We evaluated a multicenter cohort of 1219 subjects with hemophilia or related disorders prospectively, focusing on 319 subjects with documented dates of seroconversion to human immunodeficiency virus type 1 (HIV-1). The incidence rate of the acquired immunodeficiency syndrome (AIDS) after seroconversion was 2.67 per 100 person-years and was directly related to age (from 0.83 in persons 1 to 11 years old up to 5.66 in persons 35 to 70 years old; Ptrend = 0.00003). The annual incidence of AIDS ranged from zero during the first year after seroconversion to 7 percent during the eighth year, with eight-year cumulative rates (+/- SE) of 13.3 +/- 5.3 percent for ages 1 to 17, 26.8 +/- 6.4 percent for ages 18 to 34, and 43.7 +/- 16.4 percent for ages 35 to 70. Serial immunologic and virologic markers (total numbers of CD4 lymphocytes, presence of serum interferon or HIV-1 p24 antigen, and low or absent serum levels of anti-p24 or anti-gp120) predicted a high risk for the subsequent development of AIDS. Adults 35 to 70 years old had a higher incidence of low CD4 counts than younger subjects (P less than or equal to 0.005), whereas adolescents had a low rate of anti-p24 loss (P = 0.0007) and subjects 1 to 17 years old had a lower incidence of AIDS after loss of anti-p24 (P = 0.03).
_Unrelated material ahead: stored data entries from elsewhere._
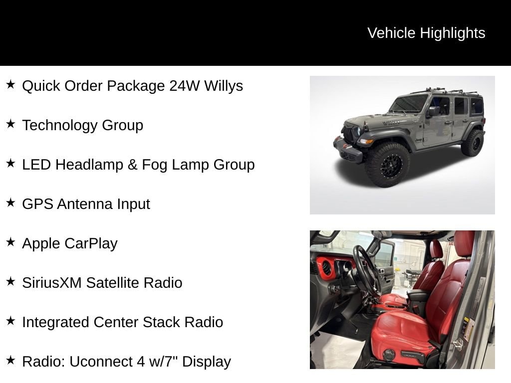 4-Wheel Drive Swing Gate Decal, 7.0 Touchscreen Display, Air Conditioning w/Auto Temperature Control, Air Filtering, Anti-Lock 4-Wheel Disc HD Brakes, Anti-Spin Differential Rear Axle, Apple CarPlay, Automatic Headlamps, Black Grille, Black Trail Rated Badge, Cluster 7.0 TFT Color Display, Deep Tint Sunscreen Windows, Front 1-Touch Down Power Windows, Front LED Fog Lamps, Google Android Auto, GPS Antenna Input, Integrated Center Stack Radio, Leather Wrapped Steering Wheel, LED Headlamp & Fog Lamp Group, LED Reflector Headlamps, Matte Black Jeep Badge, MOPAR All-Weather Floor Mats, Power Heated Mirrors, Quick Order Package 24W Willys, Radio: Uconnect 4 w/7 Display, Remote Keyless Entry, Security Alarm, SiriusXM Satellite Radio, Speed Sensitive Power Locks, Sun Visors w/Illuminated Vanity Mirrors, Technology Group, USB Host Flip, Wheels: 17 x 7.5 Moab Black Aluminum, Willys, Willys Hood Decal, Wrangler Decal.
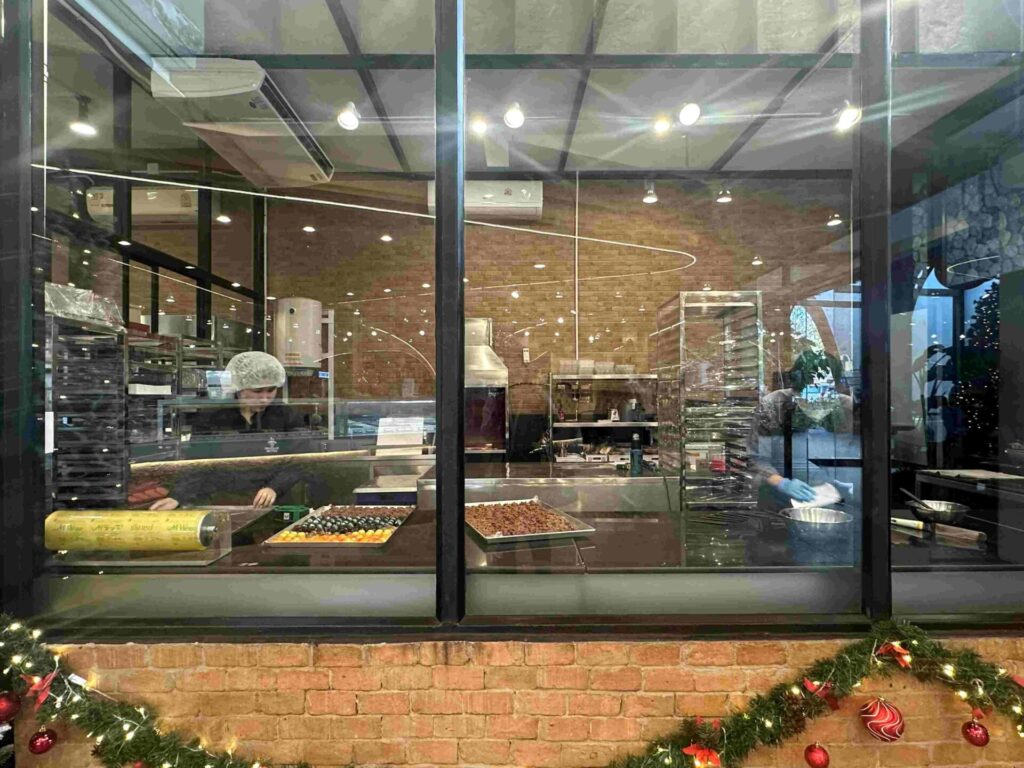 ショーケースに、一粒チョコが整列。
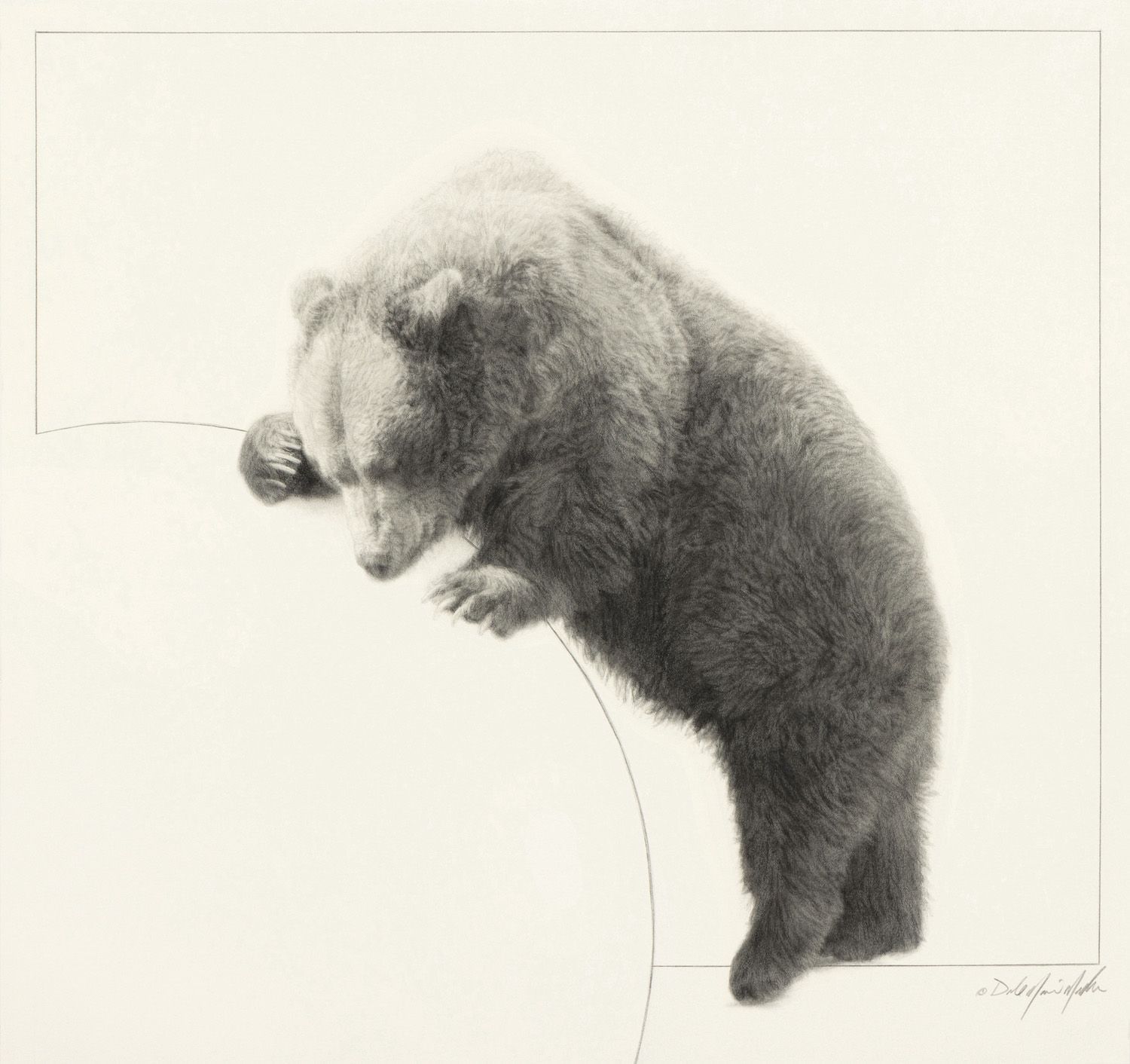 stage of my cognitive and creative process, appreciating a bear just being a bear or being present with a wolf sharing the warmth of the sun. Moments in nature that ignite my sense of wonder are often inspired by these personal experiences and evolve into drawings in the studio.

These findings not only demonstrate that the risk of AIDS is related directly to age but also suggest that older adults are disproportionately affected during the earlier phases of HIV disease, that adolescents may have a low replication rate of HIV, and that children and adolescents may tolerate severe immunodeficiency better because they have fewer other infections or because of some unmeasured, age-dependent cofactor or immune alteration in the later phase of HIV disease.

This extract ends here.